The tax hike law (Law 45), which was published in the Official Gazette on 21 August 2017, stipulates increases in 20 tax revenue streams, with the most prominent being the VAT increase to 11%, a 7% tax on interest revenues from bank deposits (up from 5%), and several increases in stamps and public fees (like doubling the fees of public notaries). The law was approved by Parliament last July despite several protests held throughout the year, and was signed by President Michel Aoun on 21 August 2017, together with the public sector pay rises one. In fact, the new tax hikes were explicitly linked to the financing of the new salary scale for public sector workers. It is estimated that the new public wage bill will cost an additional 1 billion US$ per year, while the new taxes would generate an estimated 1.1 billion US$. Yet several economists and local experts argued against tying new taxes to the wage hike, demanding instead that all new public expenditures and revenues be enacted through the central government’s budget, which is yet to be finalized and voted upon by Parliament. With elections theoretically set for May 2018, the ruling parties felt the need to increase public wages swiftly to rally voters, and resorted to a pool of indirect taxes that can be quickly collected in order to limit the public deficit.
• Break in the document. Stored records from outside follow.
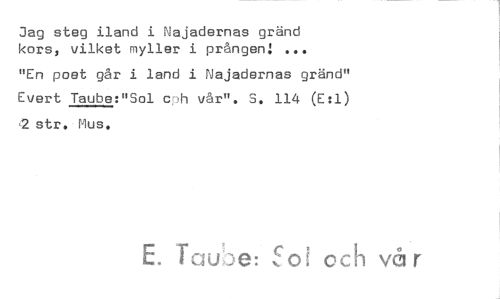 //// Jag steg iland i Najadernas gränd kors, vilket myller i prången! //// "En poet går i land i Najadernas gränd" Evert Taube:"Sol cF)f, vår". S. 114 (E:1) ,2str. Mus. //// E. Tau:De: Sot och vå r ////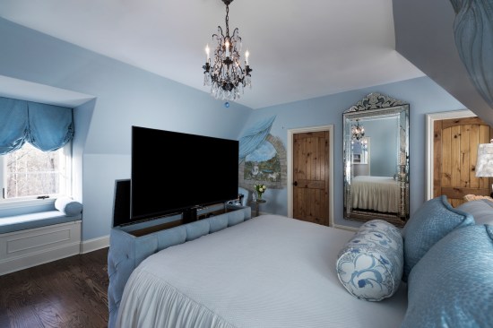 One of the room’s most special features was a remote-operated, tufted-velvet television cabinet at the foot of the bed, which Ami created herself. Not only did this allow the room’s occupant to easily watch TV from her bed, the TV cabinet also provided ample hide-away space for the television. With the lower pitched ceilings and little available wall space, the TV needed this type of special built-in placement.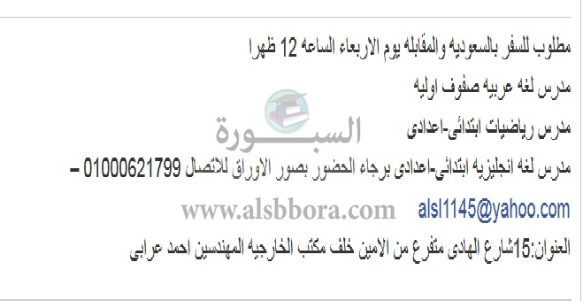 أعلنت مدرسة خاصة في السعودية عن حاجتها للتعاقد مع معلمين والمعلمات وذلك وفقا لنص الإعلان التالي:-

The new tax increases are expected to severely affect consumers’ purchasing power and erode their income. The majority of these taxes affect the costs of goods and services, and companies are expected to increase their prices between 10 and 15% to absorb the higher costs of doing business. Despite many government officials expressing assurances that prices will not increase, given that many consumer products like basic foods are already exempt from VAT, they ignored the fact that VAT and public fees increases will affect the costs of procurement, transportation, and other company business operations, which will ultimately lead to most businesses shifting the burden of these new taxes on to the consumers.
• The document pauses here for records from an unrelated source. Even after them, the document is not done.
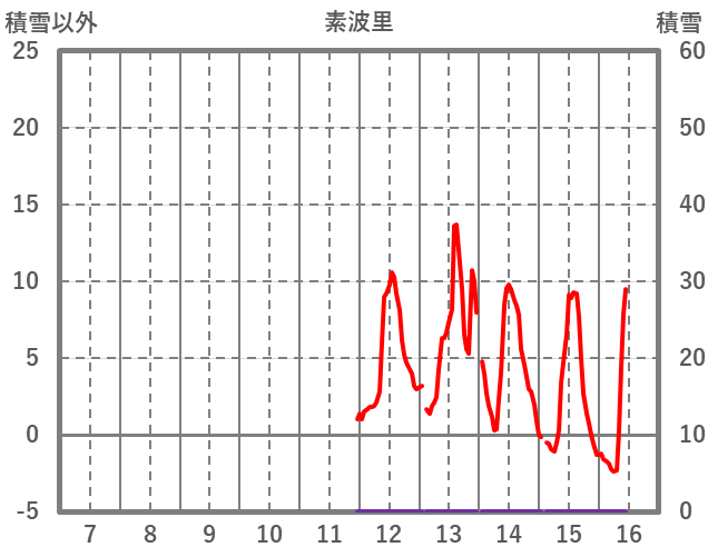 | 日 | 時 | 気温 | 降水 | 風向/風速 | 日照 | 積雪 | 降雪 |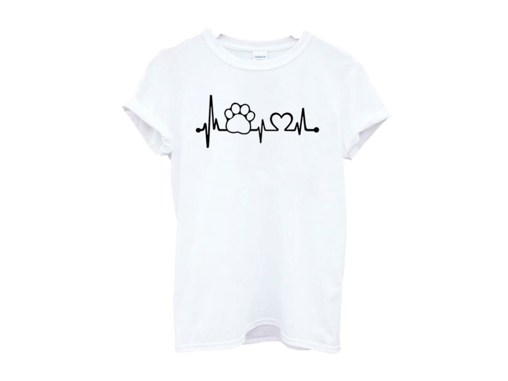 Kaunis naisten T-paita, jossa on sydämenlyöntikuvio ja koiran tassu koiran ystäville.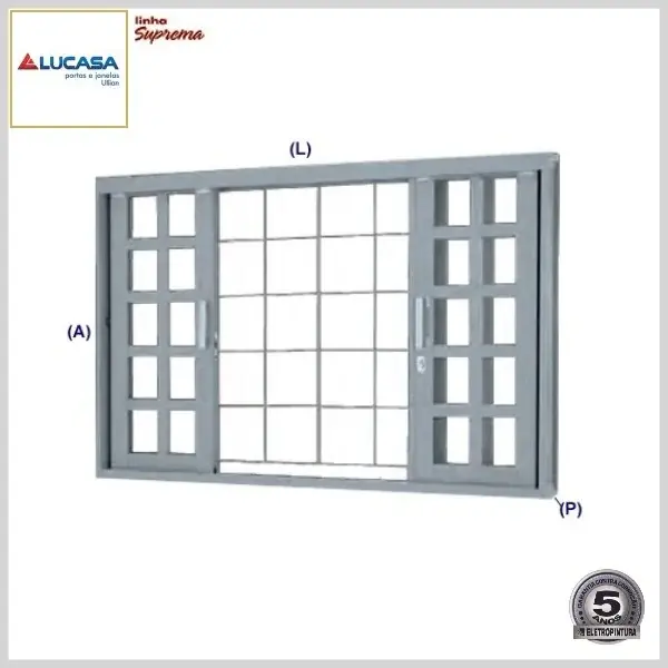 > Vitrô de Correr Central (Aço, Linha Suprema) Grade Quadrada

The new tax hike law has been recently challenged by 10 MPs, who submitted on Wednesday 31 August an appeal to the Constitutional Council, with the aim to suspend the law until the Council issues its verdict as to whether its articles abide by the Lebanese Constitution. The signatories of the appeal include Samy Gemayel, Nadim Gemayel, Samer Saade, Elie Marouni and Fady Haber (from the Kataeb Party), in addition to Dory Chammoun, Fouad Al-Saad, Salim Karam, Khaled Daher and Boutros Harb. The Council might reject the appeal, and if it does then the law can no longer be officially challenged and the new taxes will remain in effect.